- Source material -
#####

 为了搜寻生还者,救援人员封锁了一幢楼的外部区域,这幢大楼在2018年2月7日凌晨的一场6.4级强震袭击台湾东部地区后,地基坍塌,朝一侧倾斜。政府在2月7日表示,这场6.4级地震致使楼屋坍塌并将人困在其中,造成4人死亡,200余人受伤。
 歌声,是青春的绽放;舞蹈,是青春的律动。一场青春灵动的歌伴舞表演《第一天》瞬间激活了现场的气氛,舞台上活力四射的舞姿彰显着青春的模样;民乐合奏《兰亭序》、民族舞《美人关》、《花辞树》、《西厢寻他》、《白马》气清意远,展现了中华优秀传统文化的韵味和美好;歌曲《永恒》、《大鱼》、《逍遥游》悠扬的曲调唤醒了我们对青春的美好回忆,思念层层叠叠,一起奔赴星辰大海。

#####

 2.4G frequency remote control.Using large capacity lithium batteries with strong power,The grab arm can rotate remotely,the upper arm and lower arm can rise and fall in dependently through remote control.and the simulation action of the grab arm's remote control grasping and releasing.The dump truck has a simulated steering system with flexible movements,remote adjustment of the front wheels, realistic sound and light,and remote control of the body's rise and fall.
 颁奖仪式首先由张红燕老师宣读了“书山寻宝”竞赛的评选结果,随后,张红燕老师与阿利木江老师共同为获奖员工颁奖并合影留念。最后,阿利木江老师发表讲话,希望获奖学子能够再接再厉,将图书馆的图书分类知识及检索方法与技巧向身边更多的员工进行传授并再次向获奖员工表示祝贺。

#####

The stretch of entries above that starts with the line containing "为了搜寻生还者,救援人员封锁" and goes on through the line containing "歌声,是青春的绽放;舞蹈,是" is to be transcribed exactly, and no other line is to be transcribed.

 为了搜寻生还者,救援人员封锁了一幢楼的外部区域,这幢大楼在2018年2月7日凌晨的一场6.4级强震袭击台湾东部地区后,地基坍塌,朝一侧倾斜。政府在2月7日表示,这场6.4级地震致使楼屋坍塌并将人困在其中,造成4人死亡,200余人受伤。
 歌声,是青春的绽放;舞蹈,是青春的律动。一场青春灵动的歌伴舞表演《第一天》瞬间激活了现场的气氛,舞台上活力四射的舞姿彰显着青春的模样;民乐合奏《兰亭序》、民族舞《美人关》、《花辞树》、《西厢寻他》、《白马》气清意远,展现了中华优秀传统文化的韵味和美好;歌曲《永恒》、《大鱼》、《逍遥游》悠扬的曲调唤醒了我们对青春的美好回忆,思念层层叠叠,一起奔赴星辰大海。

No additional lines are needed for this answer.